Где книжки записные с адресами,
свиданья под почтовыми часами
и крохотного сына пятерня,
простой и ясный свод житейских правил?
Всё там. В стране, которую оставил.
В стране, в которой больше нет меня.
Мама, я здесь, я сегодня вернулся домой.
Память моя оторочена чёрной каймой:
я ведь не шёл на войну, но попал на войну.
Взять из моих двадцати, да последние два
выскоблить, вычистить так, чтоб дела и слова
сумрачным весом своим не тянули ко дну.
Линия жизни теперь — еле видный пунктир.
Мама, я здесь, но со мной мой изнаночный мир.
Нет в нём покоя, а только тайфун и развал.
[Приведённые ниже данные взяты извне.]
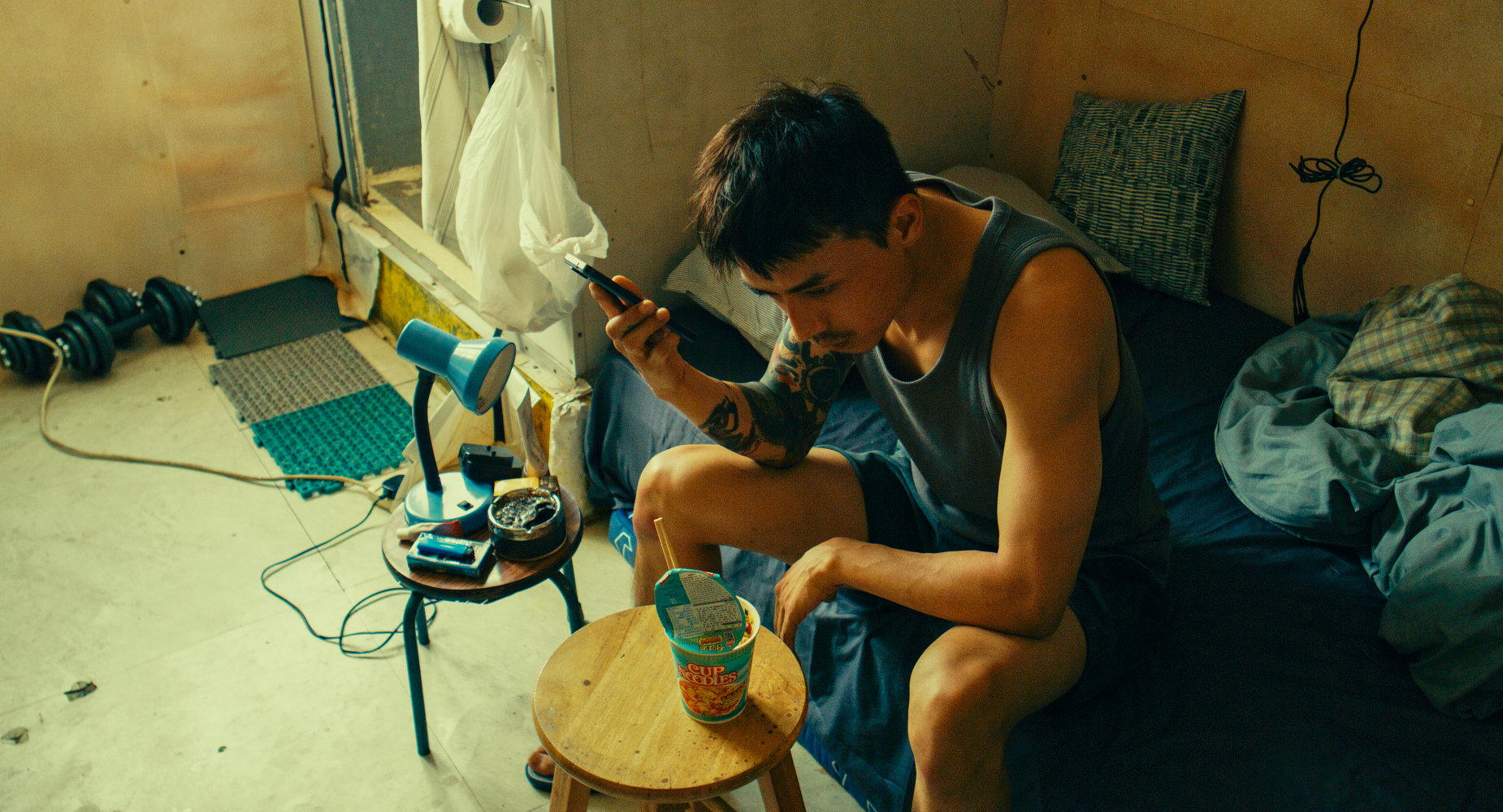 As Lung tries to dig out leads, writer-director-producer Yau busies himself cutting to scenes of a particularly troubled relationship. Nightclub worker and budding artist Hei (Anson Kong) hangs out sketching at a basketball court and there he meets Fai (Ansonbean), a morose loner who’s unpaid at a building site and struggling to rent his tiny flat in an industrial building. The two men bond and become an item, only to face intolerance and trying times.

Ночью в виски́ мне вгрызается злобный тамтам:
где бы я ни был, я всё же по-прежнему там —
там, где меня убивали и я убивал.
Мама, я сын неплохой, но ведь это война.
Как же тебе не свезло-то — родить пацана!
Лучше бы дочь, хоть какая, но всё-таки дочь.
Взрывы, воронки, сержант продолжает орать…
Ты ли мне мать или всё-таки Родина — мать?
Может, и обе. Понять в восемнадцать невмочь.
Помнишь, я был разговорчив, а нынче я нем.
Школу, недавнюю школу не помню совсем:
всё, как настойчивый ластик, стирает война.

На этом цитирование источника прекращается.